About this task: From the first line of the records below, transcribe each line exactly up to and including the one with "今回は、両キャンパスの就職キ"; pictures stay out.

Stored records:
* * *

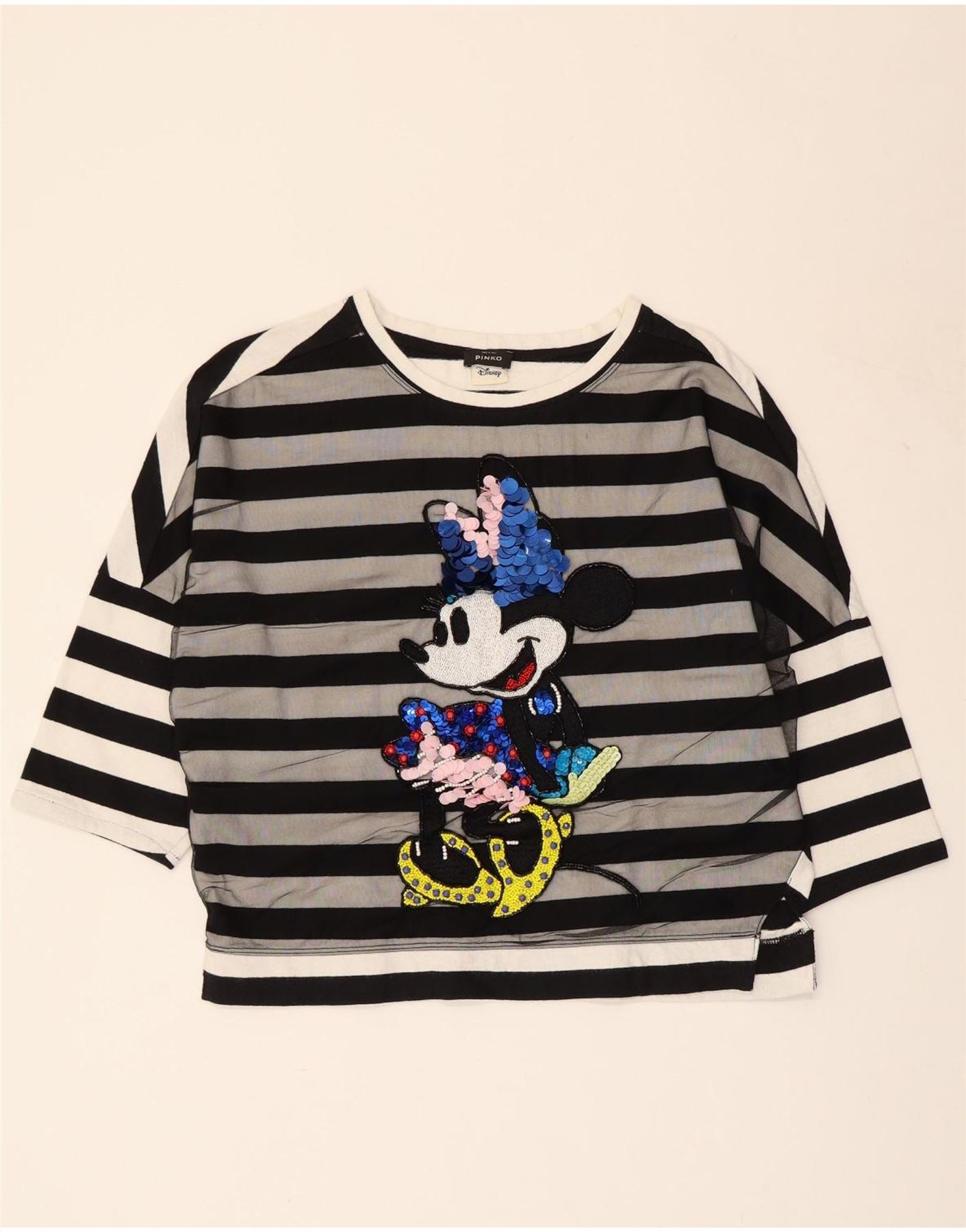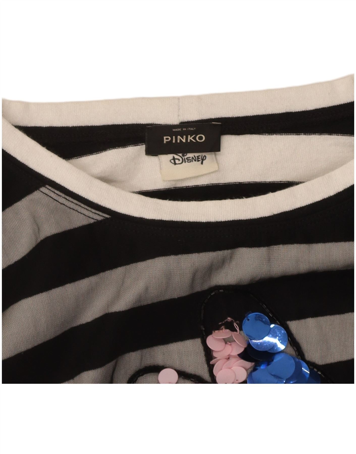 PINKO Top feminino Disney Crop manga 3/4 Reino Unido 14 grande listrado branco náutico
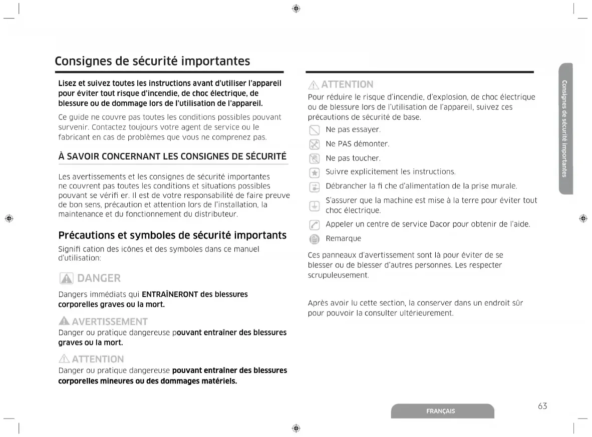 - Si la porte est endommagée, ne pas utiliser l'appareil. Contacter un centre de service Dacor.66 FRANÇAIS Consignes de sécurité importantes Consignes de sécurité importantes Cet appareil n’est pas destiné à être utilisé par de jeunes enfants ou des personnes non quali ées sans la surveillance adéquate d’un adulte responsable. Les jeunes enfants doivent être surveillés pour s’assurer qu’ils ne jouent pas avec l’appareil. Tenez les enfants éloignés de la porte lors de son ouverture ou de sa fermeture, car ils pourraient se cogner contre la porte ou se coincer les doigts dans la porte.
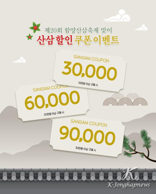 이번 할인 행사는 오는 9월 18일부터 22일까지 열리는 ‘제20회 함양산삼축제’와 연계한 행사로, 산삼 제품에 관심 있는 소비자들에게 산삼 제품에 한해, 10만 원 이상 구매 시 3만 원 할인, 20만 원 이상 구매 시 6만 원 할인, 30만 원 이상 구매 시 9만 원 할인 쿠폰을 제공할 예정이다.
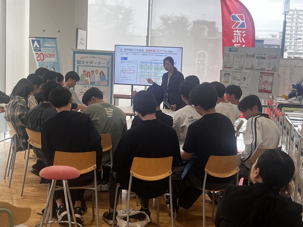今回は、両キャンパスの就職キャリア支援センターにて少人数形式で行われ(スポーツ健康科学部は学部単位で開催)、参加した学生からは積極的な質問が次々と飛び出し、就職活動への関心の高さがうかがえました。
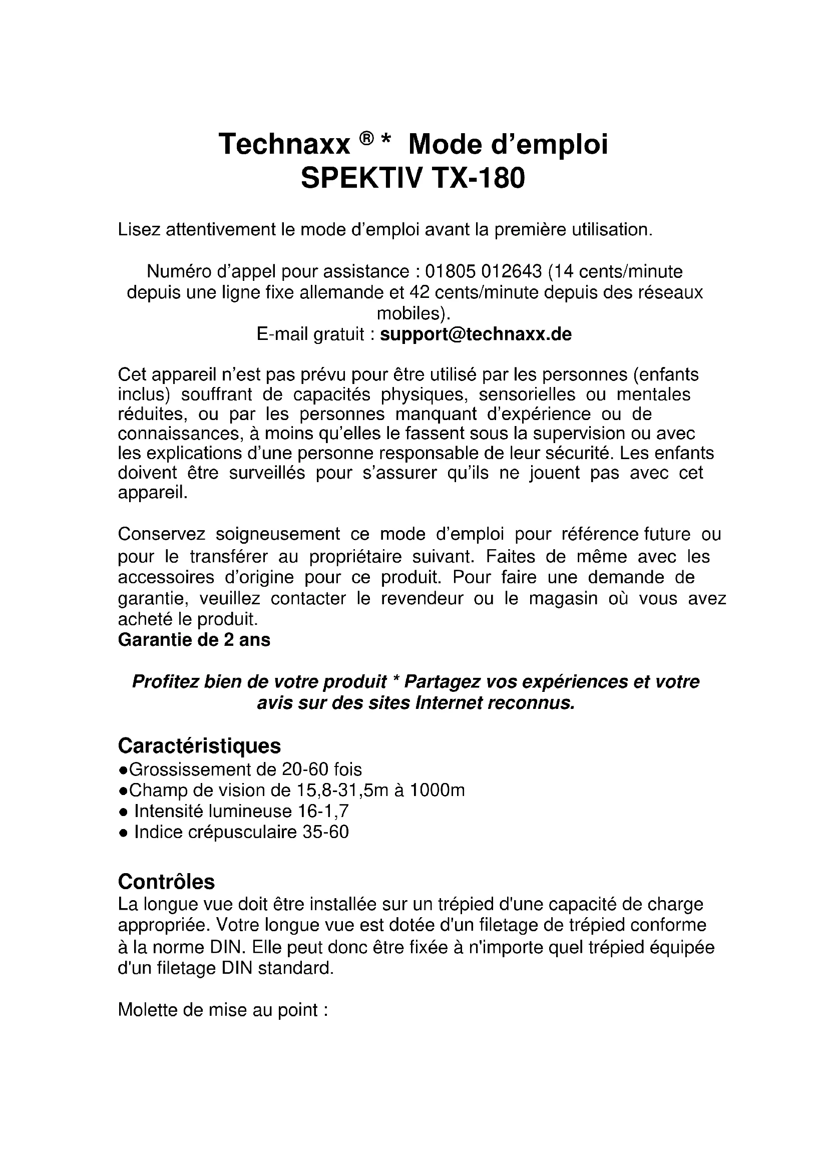 - Mode d’emploi SPEKTIV TX-180 Lisez attentivement le mode d’emploi avant la première utilisation. Numéro d’appel pour assistance : 01805 012643 (14 cents/minute depuis une ligne fixe allemande et 42 cents/minute depuis des réseaux mobiles). E-mail gratuit : support@technaxx.de Cet appareil n’est pas prévu pour être utilisé par les personnes (enfants inclus) souffrant de capacités physiques, sensorielles ou mentales réduites, ou par les personnes manquant d’expérience ou de connaissances, à moins qu’elles le fassent sous la supervision ou avec les explications d’une personne responsable de leur sécurité. Les enfants doivent être surveillés pour s’assurer qu’ils ne jouent pas avec cet appareil. Conservez soigneusement ce mode d’emploi pour référence future ou pour le transférer au propriétaire suivant. Faites de même avec les accessoires d’origine pour ce produit. Pour faire une demande de garantie, veuillez contacter le revendeur ou le magasin où vous avez acheté le produit. Garantie de 2 ans Profitez bien de votre produit * Partagez vos expériences et votre avis sur des sites Internet reconnus. Caractéristiques ●Grossissement de 20-60 fois ●Champ de vision de 15,8-31,5m à 1000m ● Intensité lumineuse 16-1,7 ● Indice crépusculaire 35-60 Contrôles La longue vue doit être installée sur un trépied d'une capacité de charge appropriée. Votre longue vue est dotée d'un filetage de trépied conforme à la norme DIN. Elle peut donc être fixée à n'importe quel trépied équipée d'un filetage DIN standard. Molette de mise au point :Regardez dans l'oculaire (1) et tournez la molette de mise au point (3) dans l'une ou l'autre direction pour effectuer la mise au point sur un objet. Zoom : Tournez le contrôle de zoom (2) pour effectuer un zoom avant ou arrière sur un objet, puis utilisez la molette de mise au point (3) pour affiner. Pare-soleil : Déployez le pare-soleil (9) en cas de fort soleil affectant la visibilité. Placez votre main autour de la bague d'ouverture de la longue vue et poussez simplement le bouclier vers l'extérieur. Observation terrestre Lorsque vous regardez des objets terrestres, votre vue pourrait traverser des vagues de chaleur émises de la surface de la terre. Vous avez peut- être remarqué ces vagues de chaleur en conduisant sur une autoroute pendant l'été. Les vagues de chaleur réduisent la qualité d'image. Si les ondes de chaleur perturbent votre vision, essayez une mise au point à faible puissance pour obtenir une image plus stable et de meilleure qualité. Faites votre observation en début de matinée, avant que la terre n'ait accumulé trop de chaleur. Spécifications Grossissement 20-60 x Objectif Ø 60mm Champ de vision 15,8-31,5m à 1000m Poids/Dimensions 840g / 33x15x7cm
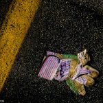 A lonely, well used, and abused working man’s glove lays in the middle of the street....

* * *

Answer space:
 PINKO Top feminino Disney Crop manga 3/4 Reino Unido 14 grande listrado branco náutico
 - Si la porte est endommagée, ne pas utiliser l'appareil. Contacter un centre de service Dacor.66 FRANÇAIS Consignes de sécurité importantes Consignes de sécurité importantes Cet appareil n’est pas destiné à être utilisé par de jeunes enfants ou des personnes non quali ées sans la surveillance adéquate d’un adulte responsable. Les jeunes enfants doivent être surveillés pour s’assurer qu’ils ne jouent pas avec l’appareil. Tenez les enfants éloignés de la porte lors de son ouverture ou de sa fermeture, car ils pourraient se cogner contre la porte ou se coincer les doigts dans la porte.
 이번 할인 행사는 오는 9월 18일부터 22일까지 열리는 ‘제20회 함양산삼축제’와 연계한 행사로, 산삼 제품에 관심 있는 소비자들에게 산삼 제품에 한해, 10만 원 이상 구매 시 3만 원 할인, 20만 원 이상 구매 시 6만 원 할인, 30만 원 이상 구매 시 9만 원 할인 쿠폰을 제공할 예정이다.
今回は、両キャンパスの就職キャリア支援センターにて少人数形式で行われ(スポーツ健康科学部は学部単位で開催)、参加した学生からは積極的な質問が次々と飛び出し、就職活動への関心の高さがうかがえました。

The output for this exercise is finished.